Perfect reconstruction of sparse signals using nonconvexity control and one-step RSB message passing
Xiaosi Gu, Ayaka Sakata, Tomoyuki Obuchi
TL;DR
This work targets sparse signal reconstruction with the SCAD penalty by developing a one-step replica-symmetry-breaking (1RSB) extension of approximate message passing (AMP). It derives explicit 1RSB-AMP updates and 1RSB state evolution (SE), showing macroscopic agreement with RS results while expanding the algorithmic reconstruction limit via a Parisi-parameter optimization (NCC). The authors analyze fixed points and phase diagrams to identify success, failure, and diverging regimes, demonstrating that 1RSB reduces the diverging region and yields near Bayes-optimal performance, albeit not surpassing it.

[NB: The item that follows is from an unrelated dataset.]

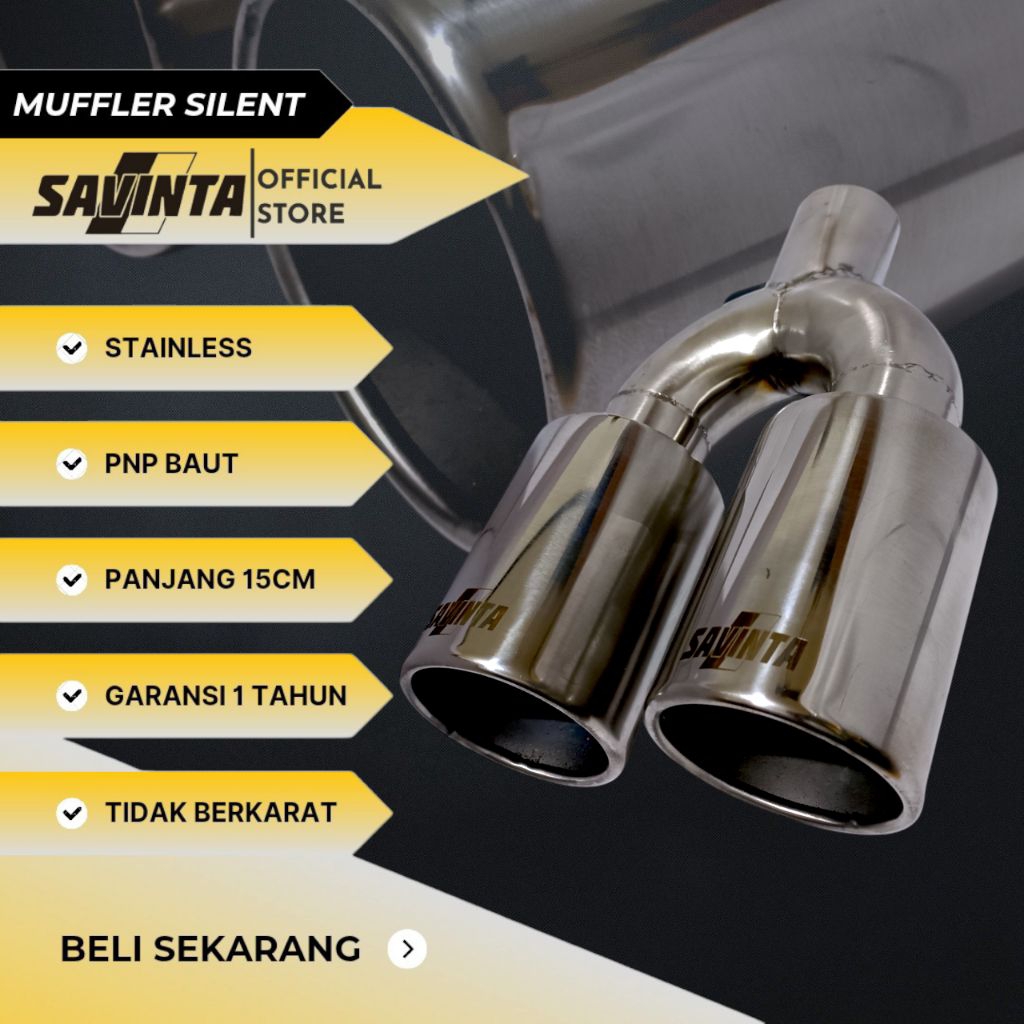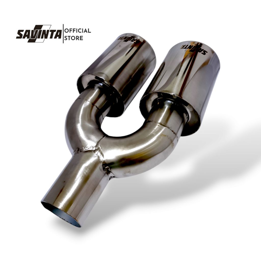 SAVINTA Knalpot Mobil Cabang 2 Full Stainless Muffler Silent Dobel Baut Universal Manual Matic

Numerical experiments corroborate the theory, and the work discusses the thermodynamic quantities governing the 1RSB phase, while outlining avenues for higher-step RSB extensions.
Abstract
We consider sparse signal reconstruction via minimization of the smoothly clipped absolute deviation (SCAD) penalty, and develop one-step replica-symmetry-breaking (1RSB) extensions of approximate message passing (AMP), termed 1RSB-AMP. Starting from the 1RSB formulation of belief propagation, we derive explicit update rules of 1RSB-AMP together with the corresponding state evolution (1RSB-SE) equations. A detailed comparison shows that 1RSB-AMP and 1RSB-SE agree remarkably well at the macroscopic level, even in parameter regions where replica-symmetric (RS) AMP, termed RS-AMP, diverges and where the 1RSB description itself is not expected to be thermodynamically exact. Fixed-point analysis of 1RSB-SE reveals a phase diagram consisting of success, failure, and diverging phases, as in the RS case. However, the diverging-region boundary now depends on the Parisi parameter due to the 1RSB ansatz, and we propose a new criterion -- minimizing the size of the diverging region -- rather than the conventional zero-complexity condition, to determine its value. Combining this criterion with the nonconvexity-control (NCC) protocol proposed in a previous RS study improves the algorithmic limit of perfect reconstruction compared with RS-AMP. Numerical solutions of 1RSB-SE and experiments with 1RSB-AMP confirm that this improved limit is achieved in practice, though the gain is modest and remains slightly inferior to the Bayes-optimal threshold. We also report the behavior of thermodynamic quantities -- overlaps, free entropy, complexity, and the non-self-averaging susceptibility -- that characterize the 1RSB phase in this problem.